DATA EXTRACT ::
##############################

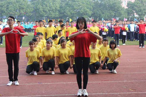 他们迎着旭日缓缓走来,整齐、有序的步伐中藏着无数的汗水,红道与之相识,绿茵为他们喝彩。基础医学院方阵由红黄两队组成,红色是中国的主色调,是五星红旗的底色,黄色是是五星的颜色,体现出基础医学院学生拼搏向上,热爱党,热爱祖国的精神。他们在主席台前跳起了欢快的舞蹈,摆出了九医和爱心的图案,这些充满韵律的波浪书写的九医二字,不仅代表了一种符号,更抒发了医学生的信念,以及对自身责任的理解与升华。红黄相间如番茄炒蛋引人瞩目,寒风也不能阻挡九院精英的热情,当双心涌出,围绕着洋溢着欢乐的同学们,她们青春,积极,活泼,可爱映入眼帘。最后他们喊出的“扬帆起航,劈波斩浪,看我九医,再创辉煌”的口号更是体现出基础医学院学子展现仁慈之心;健康所系,性命相托,志愿为医学事业贡献力量的决心。
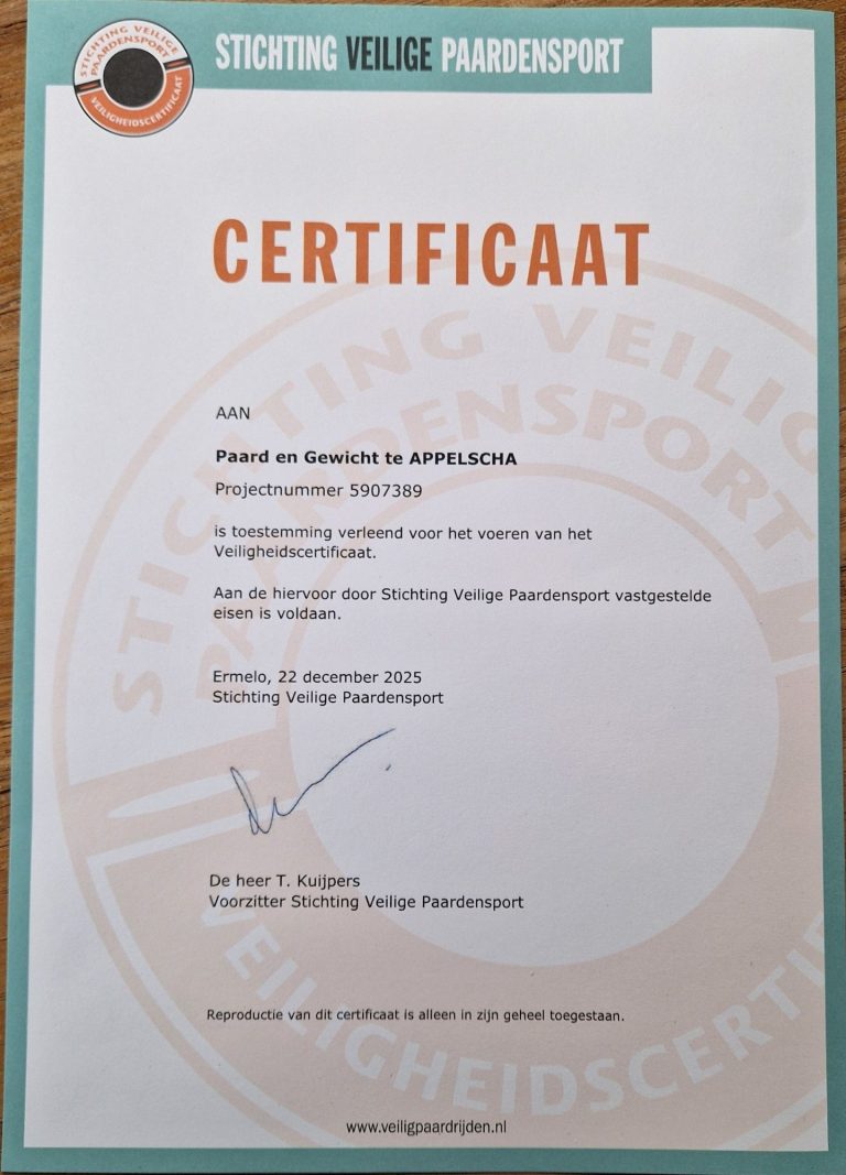 Paard en Gewicht beschikt over het veiligheidscertificaat, dit houdt in dat de accommodaties voldoen aan de eisen van Stichting Veilige Paardensport en goedgekeurd is door een inspecteur van de Stichting Veilige Paardensport.
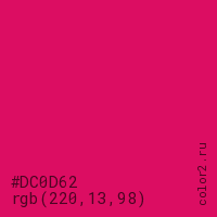 Цвет #DC0D62 в цветовой модели RGB обозначается тремя октетами (220, 13, 98) в десятичном формате и #DC0D62 в шестнадцатиричном (hex) формате, которые являются интенсивностью красного 220 (hex DC), интенсивность зелёного 13 (hex 0D) и интенсивность синего 98 (hex 62).

##############################

Starting at the line that holds "Paard en Gewicht", copy each line exactly through the end of the listing, both ends included. Leave the pictures out.

 Paard en Gewicht beschikt over het veiligheidscertificaat, dit houdt in dat de accommodaties voldoen aan de eisen van Stichting Veilige Paardensport en goedgekeurd is door een inspecteur van de Stichting Veilige Paardensport.
 Цвет #DC0D62 в цветовой модели RGB обозначается тремя октетами (220, 13, 98) в десятичном формате и #DC0D62 в шестнадцатиричном (hex) формате, которые являются интенсивностью красного 220 (hex DC), интенсивность зелёного 13 (hex 0D) и интенсивность синего 98 (hex 62).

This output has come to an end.